17 Jun 2014

'Likely crash area' hasn't been searched

10:19 pm on 17 June 2014

The British satellite company that provided the main clues in the hunt for the missing Malaysian airliner says search teams have yet to go to the area where the crash site is most likely to be.

Inmarsat was receiving signals from Flight MH370 before it disappeared on 8 March; 239 people were on the plane which disappeared about an hour after it left Kuala Lumpur for Beijing.

A visitor adds a message for missing passengers at an International Search and Rescue Conference and Exhibition in Kuala Lumpur on Tuesday.

A visitor adds a message for missing passengers at an International Search and Rescue Conference and Exhibition in Kuala Lumpur on Tuesday. Photo: AFP

Using satellite data, officials have concluded that the Boeing 777 somehow ended its journey in the Indian Ocean, north-west of the Australian city of Perth. But no trace of the plane has been found, nor any reason for its disappearance.
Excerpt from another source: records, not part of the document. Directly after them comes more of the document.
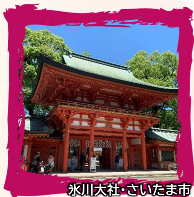
氷川大社・さいたま市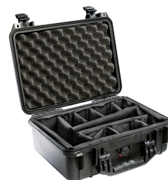
1454 With Padded Dividers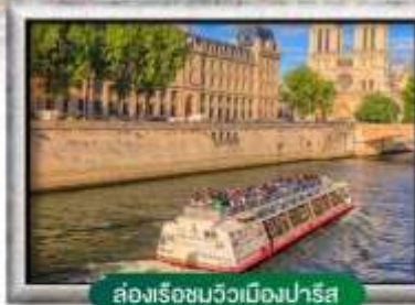
ล่องเรือชมวิวเมืองปารีส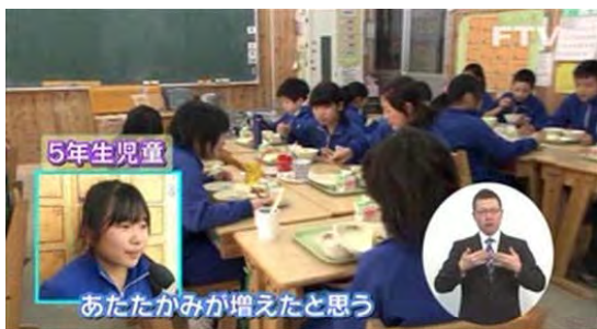
県政広報テレビ番組 「キビタンGO! ～ふくしまから はじめよう。～ 森林(もり)を守り育て未来へつなごう」 (平成26年2月25日、福島テレビ)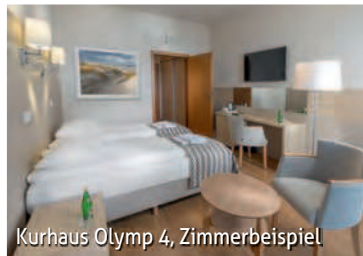
Kurhaus Olymp 4, Zimmerbeispiel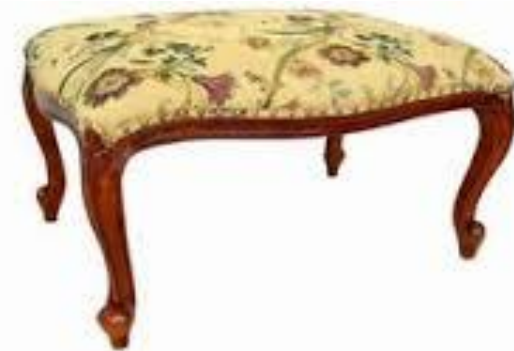
FOOTSTOOLS LG 13007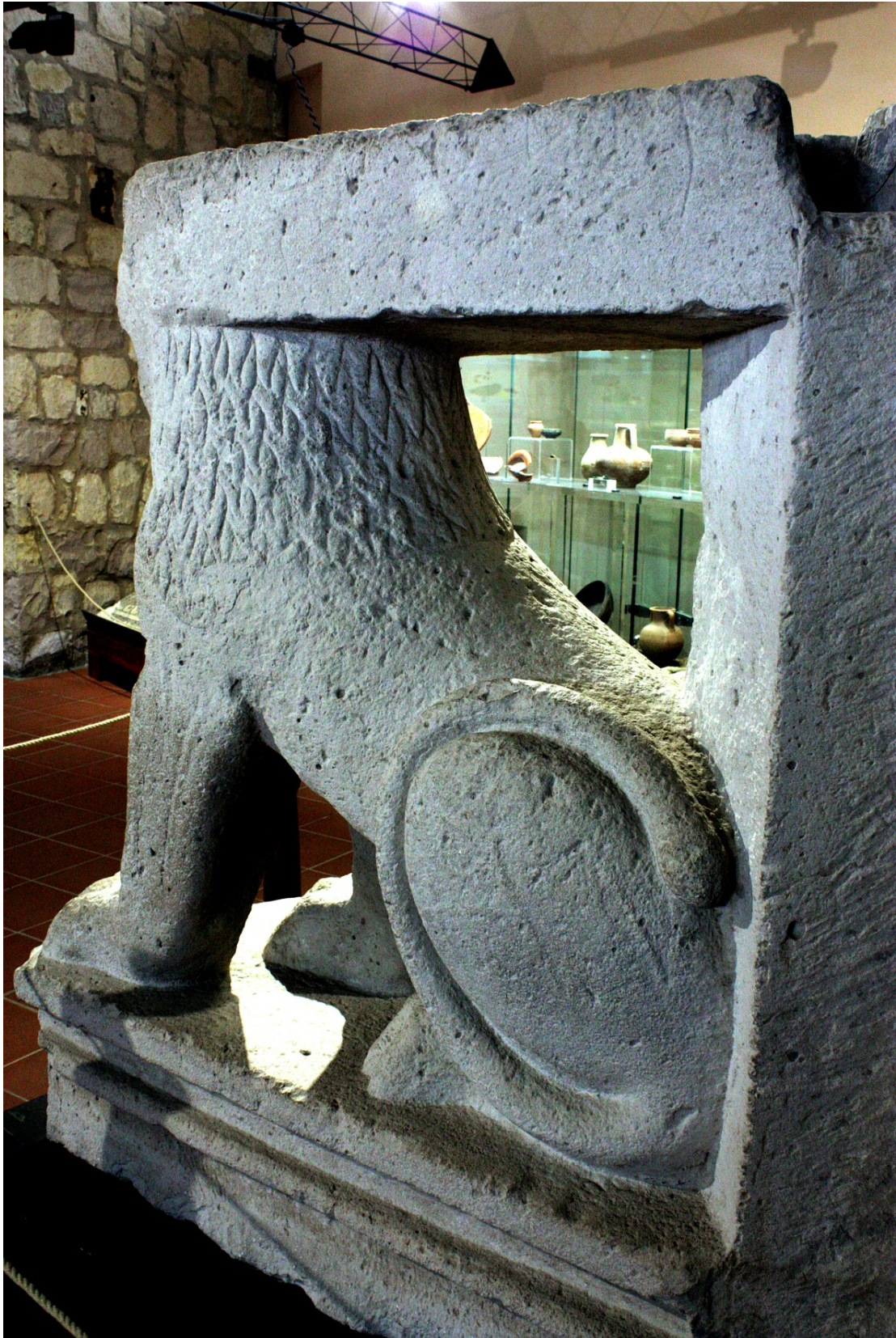
Abb. 3 - Detail eines der Löwen: sichtbar sind das Muster der Mähne, die Muskulatur des Schenkels und die architektonischen Elemente, die zur Skulptur gehören.

It's the brief hourly electronic connections between Flight MH370 and an Inmarsat spacecraft that are driving this investigation, the BBC reports.

Inmarsat scientists could tell from the timing and frequencies of signals that the plane had to have come down in the southern Indian Ocean and an Australian naval vessel was sent to investigate its best estimate.

But the telecommunications company has told the BBC that the ship never reached the most likely crash zone, because it picked up detections it thought was coming from the jet's submerged flight recorders.

The hunt for the lost jet is currently taking a short break while ships map the Indian Ocean floor.